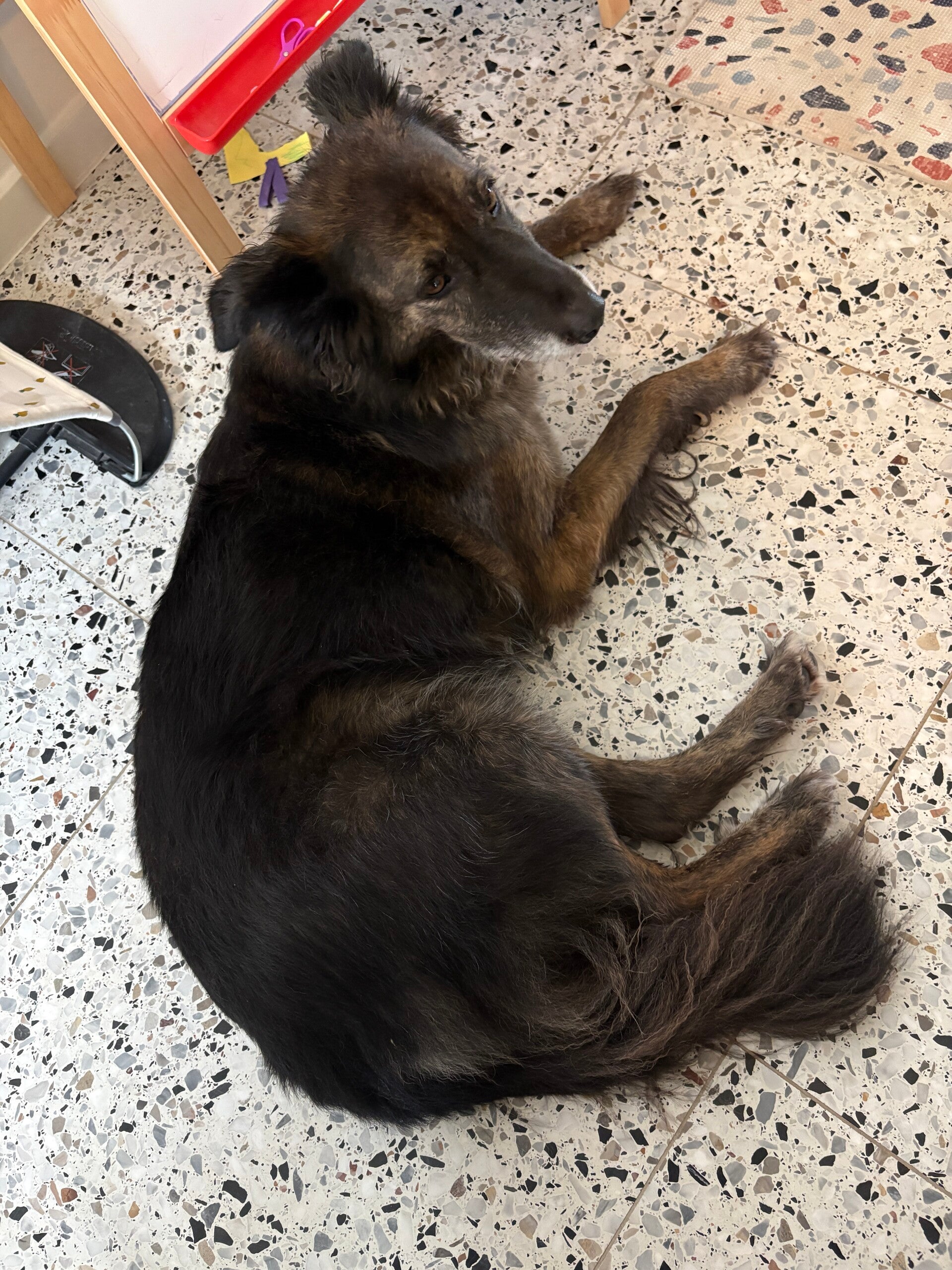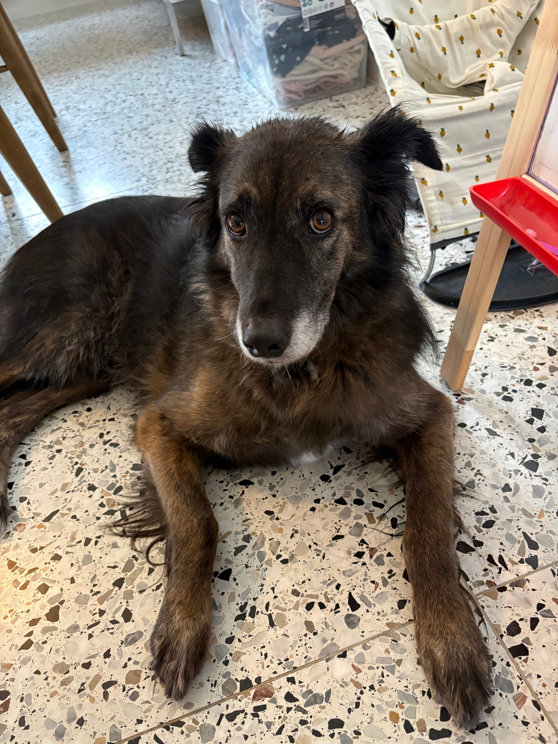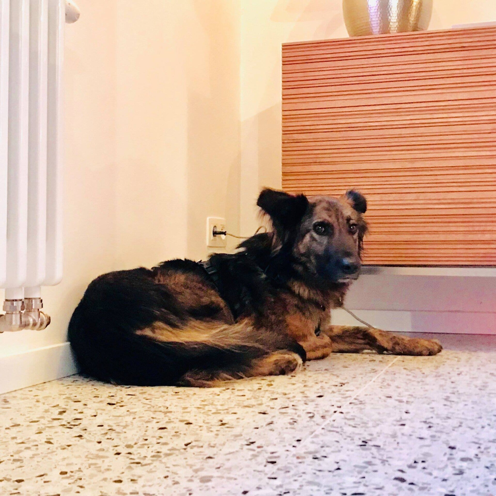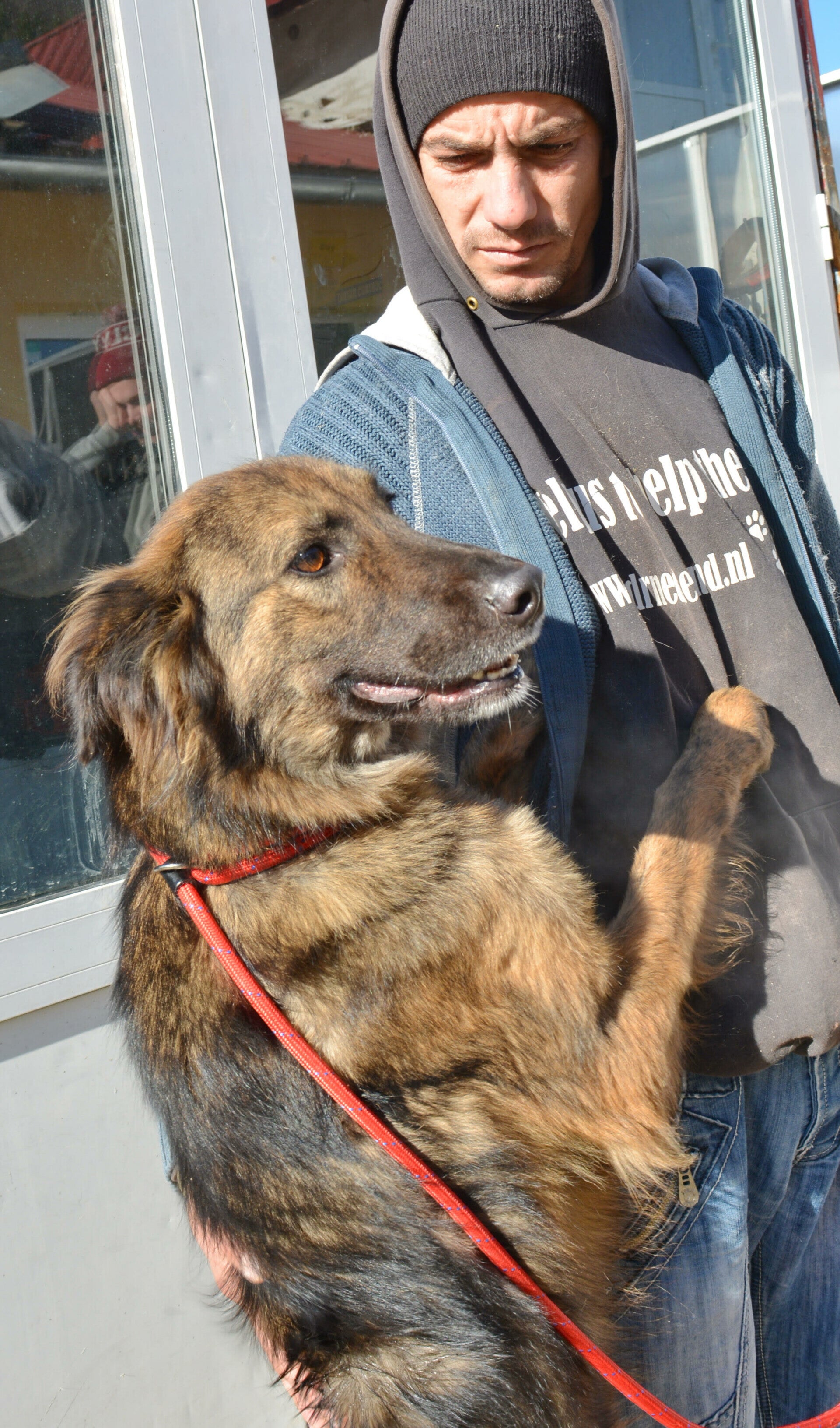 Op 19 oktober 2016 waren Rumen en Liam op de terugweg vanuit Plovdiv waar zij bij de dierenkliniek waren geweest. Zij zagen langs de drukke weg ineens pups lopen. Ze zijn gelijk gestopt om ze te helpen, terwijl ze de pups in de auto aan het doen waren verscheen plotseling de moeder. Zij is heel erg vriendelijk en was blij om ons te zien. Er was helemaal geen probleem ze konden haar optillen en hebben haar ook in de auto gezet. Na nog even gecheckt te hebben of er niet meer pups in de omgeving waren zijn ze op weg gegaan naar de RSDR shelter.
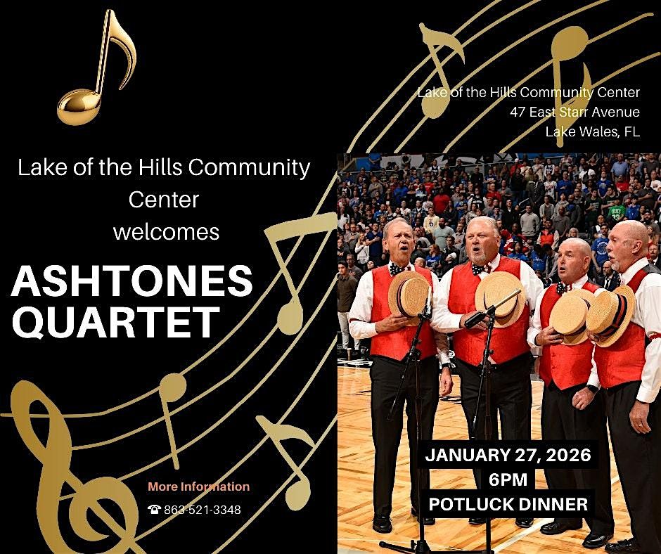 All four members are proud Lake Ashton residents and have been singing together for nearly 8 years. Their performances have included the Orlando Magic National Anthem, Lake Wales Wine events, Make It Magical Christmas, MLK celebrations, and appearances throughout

...

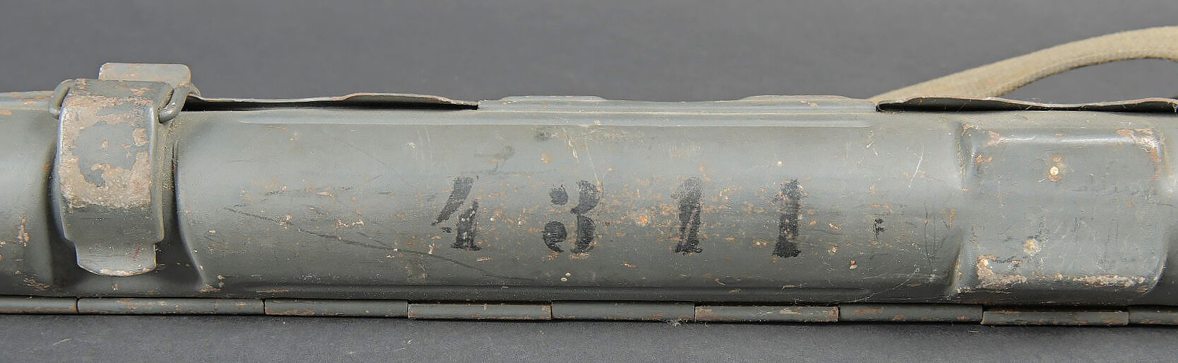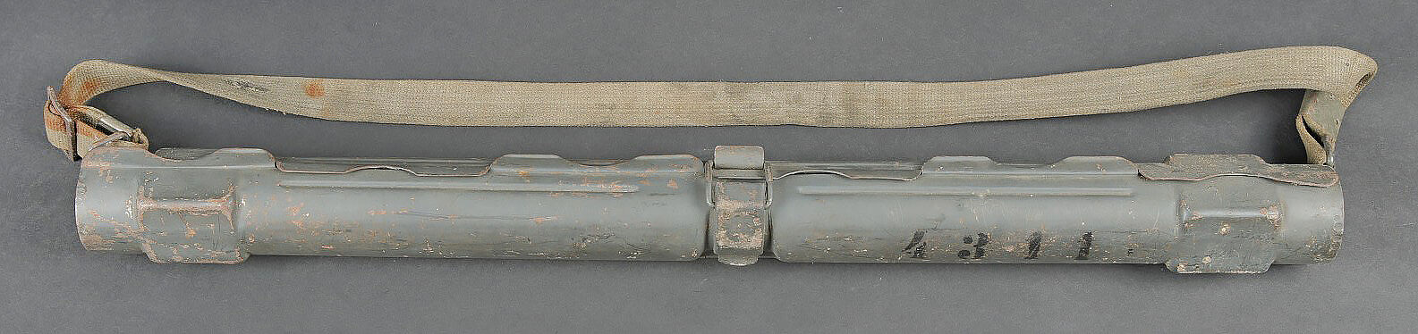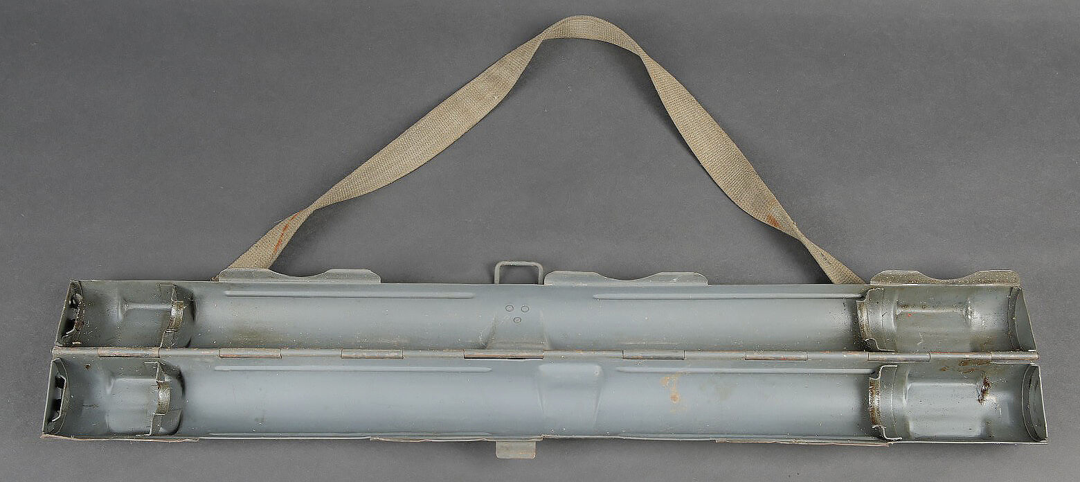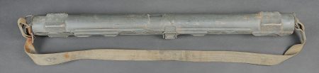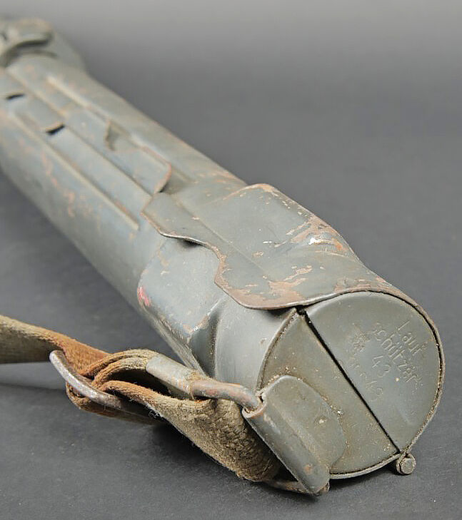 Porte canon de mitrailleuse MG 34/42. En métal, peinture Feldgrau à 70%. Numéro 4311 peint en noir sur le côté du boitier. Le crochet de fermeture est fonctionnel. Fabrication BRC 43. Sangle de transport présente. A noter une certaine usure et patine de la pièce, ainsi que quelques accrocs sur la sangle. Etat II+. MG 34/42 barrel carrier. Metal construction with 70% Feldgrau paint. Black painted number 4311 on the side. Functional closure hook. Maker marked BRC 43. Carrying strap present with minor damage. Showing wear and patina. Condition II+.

DESCRIPTION OF THE TASK
Given the records above, return the lines starting at the one that holds "Op 19 oktober" and ending at the one that holds "All four members", exactly, and nothing besides; leave every picture out.

OUTPUT FOR THIS EXERCISE
 Op 19 oktober 2016 waren Rumen en Liam op de terugweg vanuit Plovdiv waar zij bij de dierenkliniek waren geweest. Zij zagen langs de drukke weg ineens pups lopen. Ze zijn gelijk gestopt om ze te helpen, terwijl ze de pups in de auto aan het doen waren verscheen plotseling de moeder. Zij is heel erg vriendelijk en was blij om ons te zien. Er was helemaal geen probleem ze konden haar optillen en hebben haar ook in de auto gezet. Na nog even gecheckt te hebben of er niet meer pups in de omgeving waren zijn ze op weg gegaan naar de RSDR shelter.
 All four members are proud Lake Ashton residents and have been singing together for nearly 8 years. Their performances have included the Orlando Magic National Anthem, Lake Wales Wine events, Make It Magical Christmas, MLK celebrations, and appearances throughout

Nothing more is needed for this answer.